→ **ACTIVITY**
Everything from the line with "- Ces champs" down to the line with "Toughpower TF1 Titanium создан" below must be printed exactly, those two lines included. Exclude pictures.

══════

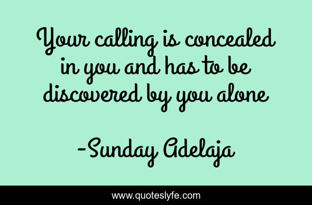 This page presents the quote "Your calling is concealed in you and has to be discovered by you alone". Author of this quote is Sunday Adelaja. This quote is about love, pragmatic, consciousness, people, money, principles, selflessness, intensity, employment,.
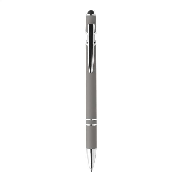 Długopis z recyklingowanego aluminium z końcówką do ekranu dotykowego, gumowaną obudową i chromowanymi detalami. Z niebieskim wkładem.
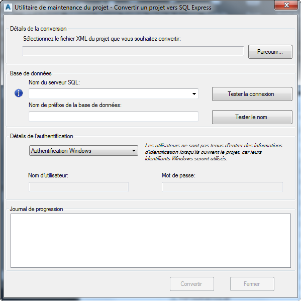 - Ces champs ne sont actifs que si l'option Authentification SQL Server est sélectionnée. Entrez vos nom d'utilisateur et mot de passe SQL Server pour continuer.
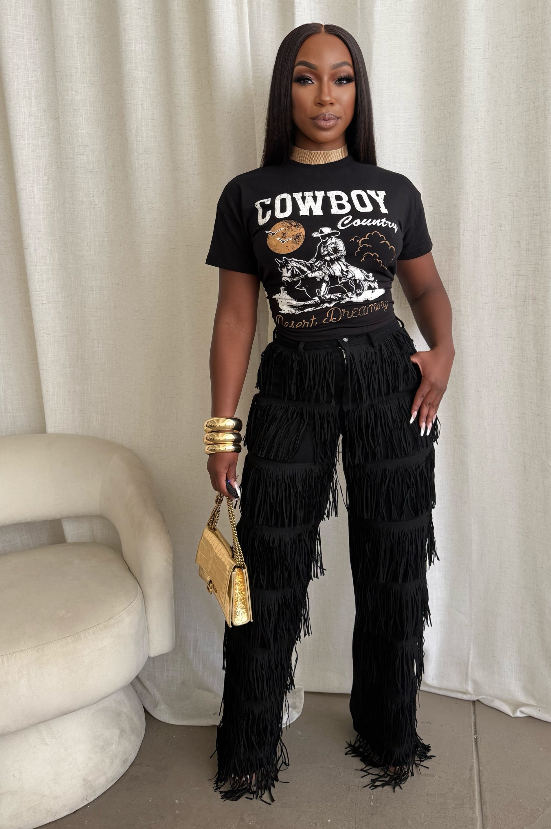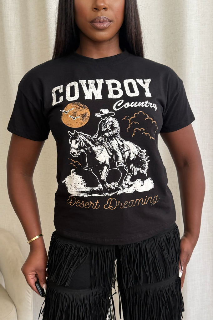 Ride in style with this vintage-inspired tee featuring a bold cowboy “Desert Dreaming” graphic. Soft cotton and a relaxed fit make it perfect for effortless, everyday wear.
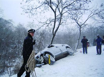 ????昨日下午1時30分,開發(fā)區(qū)公安局110指揮中心接到報警稱,在珠山景區(qū)一切智園水庫以北區(qū)域路邊,一輛轎車因雪天路滑側翻在路邊的峭壁上,被一棵大樹擋住,遇險人員均困在車內沒有出來。接警后,靈珠山派出所民警迅速帶著繩索等救援工具趕往現場。趕到現場民警看到,一輛黑色福克斯轎車翻進路邊的峭壁,幸運地被一棵大樹擋住,車左側前輪掛在路基上,隨時有墜落的可能,處境十分危險。
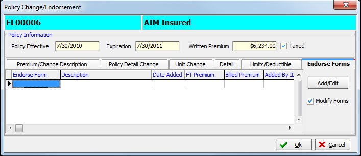 You can use the Endorse Forms tab to add, edit, or delete coverage forms from the policy.
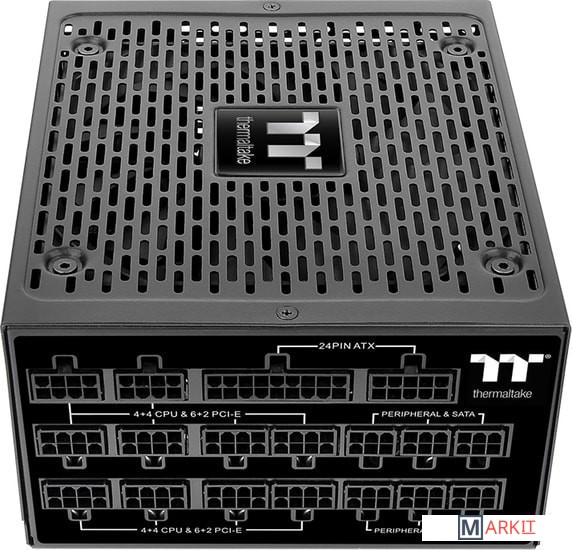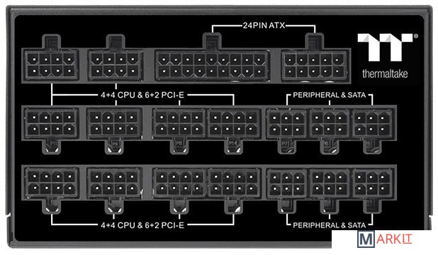 Toughpower TF1 Titanium создан специально для оверклокеров и владельцев самых мощных систем, которым важна высочайшая мощность, стабильность и эффективность. Уровень пульсаций менее 30мВ, отклонение напряжений на выходных линиях не более 2%, а время удержаний нагрузки без питающего напряжения около 16мсек. Схема блока питания имеет низкую переходную характеристику, систему низкого пускового тока (менее 50А) и защиту от скачков выходного тока при перегрузке по линии 12В.При нажатии на кнопку Turbo Fan, вентилятор блока питания принудительно раскручивается на максимальное значение 2400±10% об/мин для быстрого охлаждения всех электронных компонентов.В комплект к Toughpower TF1 Titanium поставляется специальный разъем для возможности питать видеокарты без подключения к материнской плате. Это будет очень полезно если в вашей система используется больше одного блока питания.Полностью модульная система подключения кабелей позволяет использовать только те кабели, которые нужны при сборке, минимизируя при этом их кол-во, что положительно сказывается на качестве продуваемости внутри корпуса.Благодаря тому, что профиль кабелей плоский, их легче прокладывать в корпусе.
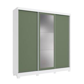 E para completar o charme do guarda-roupa, ele conta com corpo na cor branco, com acabamento em brilho, enquanto suas portas são reversíveis, possibilitando escolher entre as cores verde oliva, com pintura fosca, ou nogueira, com acabamento touch, que traz a textura dos veios da madeira, garantindo muita beleza para seu espaço. E com espelho de corpo inteiro e pés em polipropileno, esse modelo será o destaque do seu espaço, proporcionando beleza e praticidade ao seu dia a dia.
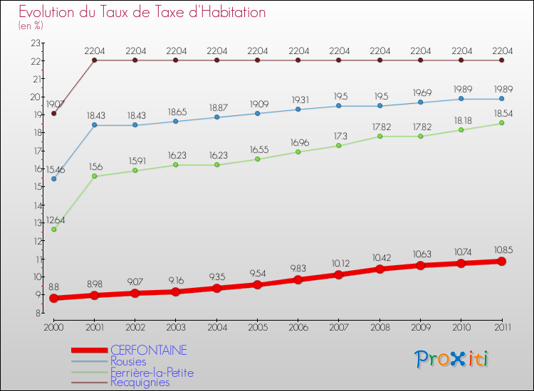 Pendant la même période, les communes françaises similaires à Cerfontaine, ont vu leur taux de taxe d'imposition augmenter de 24.18 % en moyenne entre 2000 et 2011.
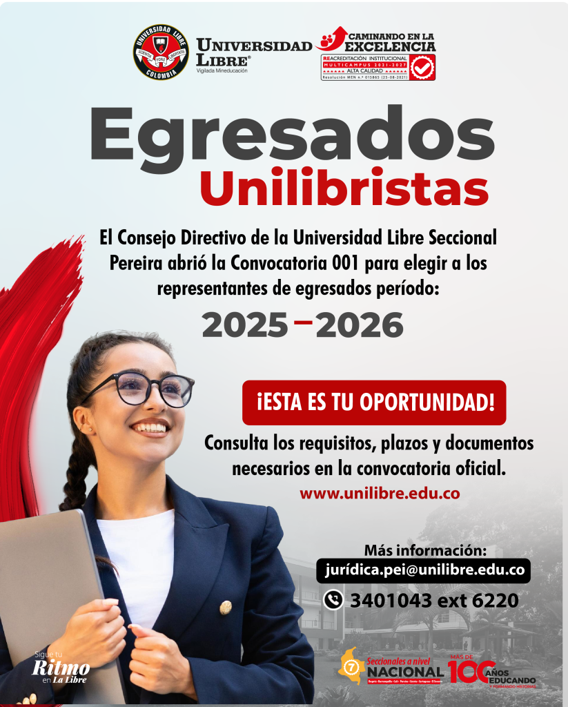 La Universidad Libre Seccional Pereira invita a todos sus egresados a participar en la Convocatoria 001, mediante la cual se seleccionarán los representantes ante el Consejo Directivo para el período 2025–2026.

══════

→ **SOLUTION BELOW**
 - Ces champs ne sont actifs que si l'option Authentification SQL Server est sélectionnée. Entrez vos nom d'utilisateur et mot de passe SQL Server pour continuer.
 Ride in style with this vintage-inspired tee featuring a bold cowboy “Desert Dreaming” graphic. Soft cotton and a relaxed fit make it perfect for effortless, everyday wear.
 ????昨日下午1時30分,開發(fā)區(qū)公安局110指揮中心接到報警稱,在珠山景區(qū)一切智園水庫以北區(qū)域路邊,一輛轎車因雪天路滑側翻在路邊的峭壁上,被一棵大樹擋住,遇險人員均困在車內沒有出來。接警后,靈珠山派出所民警迅速帶著繩索等救援工具趕往現場。趕到現場民警看到,一輛黑色福克斯轎車翻進路邊的峭壁,幸運地被一棵大樹擋住,車左側前輪掛在路基上,隨時有墜落的可能,處境十分危險。
 You can use the Endorse Forms tab to add, edit, or delete coverage forms from the policy.
 Toughpower TF1 Titanium создан специально для оверклокеров и владельцев самых мощных систем, которым важна высочайшая мощность, стабильность и эффективность. Уровень пульсаций менее 30мВ, отклонение напряжений на выходных линиях не более 2%, а время удержаний нагрузки без питающего напряжения около 16мсек. Схема блока питания имеет низкую переходную характеристику, систему низкого пускового тока (менее 50А) и защиту от скачков выходного тока при перегрузке по линии 12В.При нажатии на кнопку Turbo Fan, вентилятор блока питания принудительно раскручивается на максимальное значение 2400±10% об/мин для быстрого охлаждения всех электронных компонентов.В комплект к Toughpower TF1 Titanium поставляется специальный разъем для возможности питать видеокарты без подключения к материнской плате. Это будет очень полезно если в вашей система используется больше одного блока питания.Полностью модульная система подключения кабелей позволяет использовать только те кабели, которые нужны при сборке, минимизируя при этом их кол-во, что положительно сказывается на качестве продуваемости внутри корпуса.Благодаря тому, что профиль кабелей плоский, их легче прокладывать в корпусе.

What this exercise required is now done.